Consumers’ ability to access alternative dispute resolution mechanisms, like the energy and water ombudsman’s schemes, should be beefed up, according to the government’s consumer green paper.
Modernising Consumer Markets, which was published on Wednesday (11 April), states that ombudsman schemes could be “more effective”.
It says even where alternatives to court exist for resolving disputes many consumers do not make use of them, citing Citizens Advice research.
And it says consumers who use alternative dispute resolution tend to be “older, more educated, and earn more than the average adult”.
It says ombudsman services should make it as easy as possible to seek redress.
It says: “Further action is needed to improve the quality of service offered by alternative dispute resolution providers.”
The paper also proposes developing a set of principles to improve the service that consumers with mental ill health, cognitive impairment and Alzheimer’s disease should expect to receive.
It says the regulators will get together to identify these principles and how they can improve services to these consumers.

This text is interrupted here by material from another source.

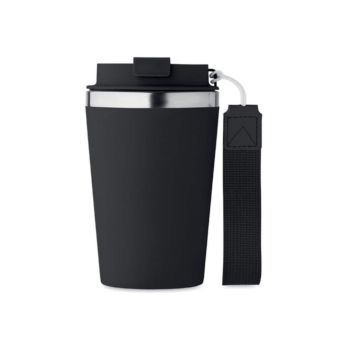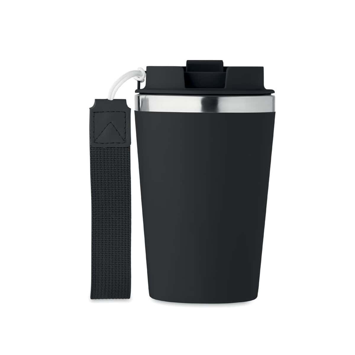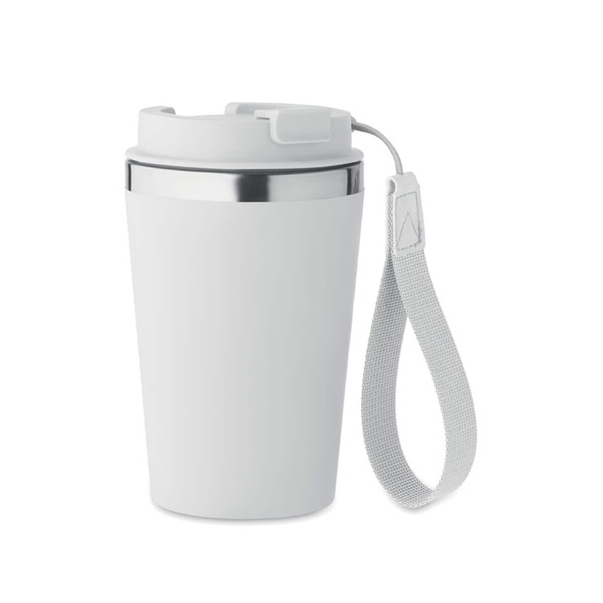 Kubek dwuścienny 350 ml TOPAZ to prawdziwy hit wśród ekologicznych akcesoriów do napojów 😊. Dzięki wykonaniu z 90 % recyklingowanej stali nierdzewnej i dodatkowej, zewnętrznej warstwy z PP, staje się wyjątkowym wyborem dla Twojej firmy, która ceni zrównoważony rozwój oraz dba o wizerunek. Podwójne ścianki gwarantują świetną izolację termiczną, dlatego kawa czy herbata utrzymają optymalną temperaturę przez dłuższy czas, a dłonie pozostaną bezpieczne przed gorącem. Przyjemny w dotyku pasek na nadgarstek z RPET sprawia, że można go łatwo zabrać na spacer, do pracy, czy w plener. Dostępność aż ośmiu modnych kolorów – od klasycznej bieli po głęboki ciemnogranat – pozwala idealnie dopasować kubek do identyfikacji wizualnej marki.

The green paper also set out proposals for developing “performance scorecards” for suppliers and digital comparison tools in regulated markets to make it easier to hold them to account.
Alongside the unveiling of the green paper, Business, Energy and Industrial Strategy (BEIS) secretary of state Greg Clark announced that former Treasury select committee Andrew Tyrie has been appointed to chair the Competition and Markets Authority.
Responding to the green paper’s publication, Which? managing director of home products and services Alex Neill, said: “Steps to ensure that consumers get a better deal in vital areas like financial services, energy and telecoms are welcome, but will only make a difference if action can be taken against companies that break the rules.
“The government must now use these reforms to overhaul our consumer enforcement system so that, as we leave the EU, we can deliver an economy where people are supported by high levels of rights and protection – with greater access than ever before to quality, affordable products and services.”
Gillian Guy, chief executive of Citizens Advice, added: “Our research has shown that, left to their own devices, companies take advantage of consumers’ loyalty, and can charge them an average of nearly £1,000 per year for it.
“Vulnerable people are often the hardest hit by unfair practices and government should hold companies to account to make sure they are protected.